A government document, issued in December 2015, says the OGA

“may provide consent to drill once the operator has:

“Secured planning permission from the MPA/LPA [Mineral Planning Authority/Local Planning Authority

“Discharged any relevant conditions placed on the planning permission by the MPA/LPA.”

The OGA, in its Consolidated Onshore Guidance, says companies that apply to it for consent to drill a well or a sidetrack are required to provide:

“A Board letter confirming availability of planning permission and indication of on-going planning disputes”.

In the Brockham case, the OGA said in response to a Freedom of Information request that it relied on a letter from Surrey County Council to Angus as confirmation that planning permission was in place.

This letter said that new boreholes, including new sidetrack boreholes into different geological formations would not be covered by existing planning permissions.

8 replies »

  1. SCC send letter to Angus Energy stating no new permission required.

    OGA review said letter and provide approval to drill the sidetrack.

    Angus Energy drill the sidetrack.

    Did SCC obtain planning permission for the hole they dug themselves?

  2. [Edited by moderator] As you know the SCC has not provided anyone with any legal foundation or their “QC OPINION” to anyone. IN fact it is the only document that has not been leaked to you. [Edited by moderator] SHOW US THE SCC QC opinion. [Edited by moderator]

  3. So, the choreographing for the kiss and make up is underway. Hardly surprising, hardly news (no disrespect Ruth-I know it is of interest to some).
    Perhaps when it is all over and done with SCC can get on with balancing their books, and let businesses in their area get on with the same?

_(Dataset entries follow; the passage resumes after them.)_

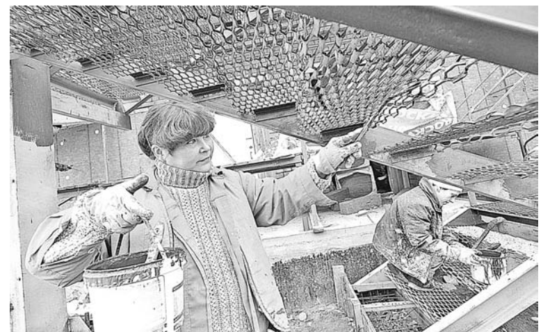
Сейчас строители заканчивают облицовку фасада. В октябре приступят к внутренней отделке.

- Отрадно, что это единственный город в области, в котором за последние годы строится детское учреждение. Североморск
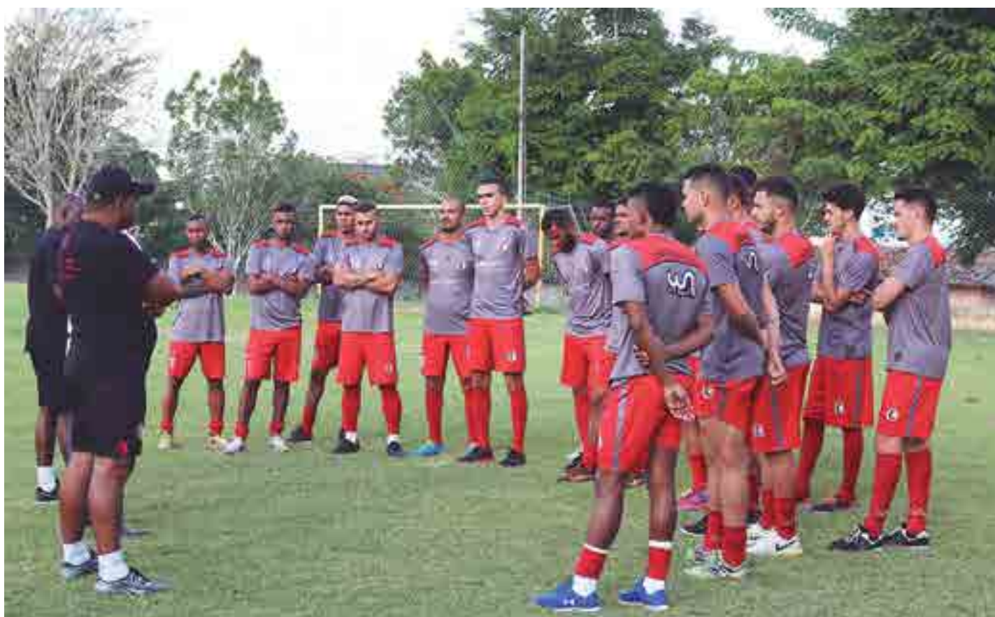
Enquanto os jogadores do Galo estão chegando, os da Raposa já estão participando dos treinamentos no Colégio Marista, na cidade de Lagoa Seca
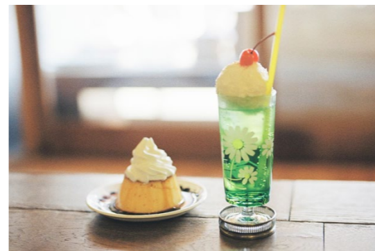
撮影場所/直島(香川県)
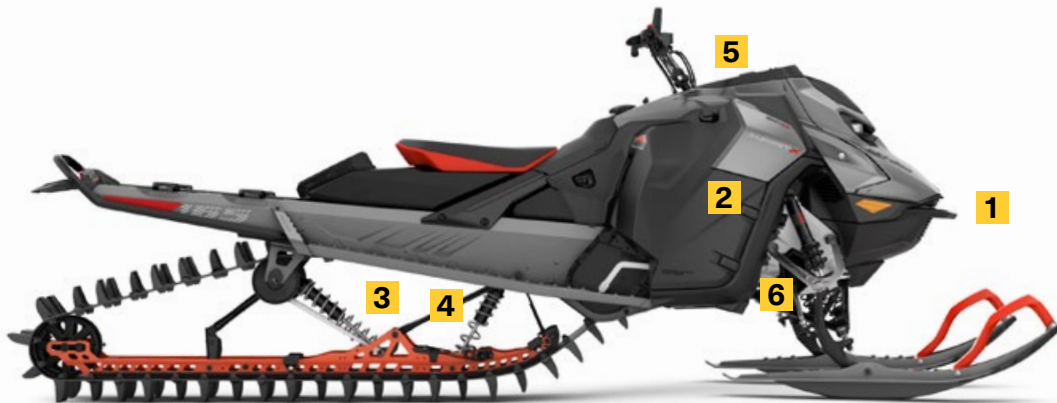
SUMMIT X 154 850 E-TEC TURBO R MONTRÉ

Une suspension légère avec une réaction de suspension rapide qui met de l'avant l'agilité et le facteur plaisir de cette performante motoneige.
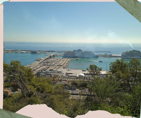
Cruceros en Barcelona

  4. Yes, I did. I also understand the facts. The sidetrack was not drilled to new depths nor new formations not previously drilled hence no new permission required, per SCC’s letter. It’s how AE, the OGA and Queen’s Counsel interpreted SCC’s advice. Perhaps their letter was badly written and didn’t accurately reflect their position, but who is to blame for that?

    • Fascinating that an industry so desperate to misuse the secret courts to get rulings seeking injunctions that intend to contravene basic human rights issues, suddenly complain and object to a QC rulings just because it doesn’t go their way?

      Also that an industry so desperate to claim gold standard regulations scream foul when planning conditions to strictly control planning permissions simply state that work cannot be done without the correctly observed attributable planning permission and approval?

      The simple truth appears to be that planning permissions and gold standard regulations are great to wave around to claim such regulations are the best in the world?

      However, when the least little enforceable adjudication actually does emerge contrary to operators attempts to run rough shod over the whole process suddenly it’s all screams of outrage and indignation?

      Then we get such screams of rage and abuse that conditions actually do operate in the way that they were intended and are supposed to be supported by the onshore ohandgee industry and it’s hired multiple PR team proponents?

      There is a word for that, and it is hypocrisy.

      In the words of a poster we all have the deepest respect for, “suck it up” or rather, in this case, you can’t suck it up without properly regulated and adjudicated legal planning permission?

  5. What utter twaddle. you have two government Agency,s both of who read the letter from the SCC & both interpret as saying no further planning was needed. so long as they did not drill any new geology. if that is not what the SCC meant to say. then who,s fault is that.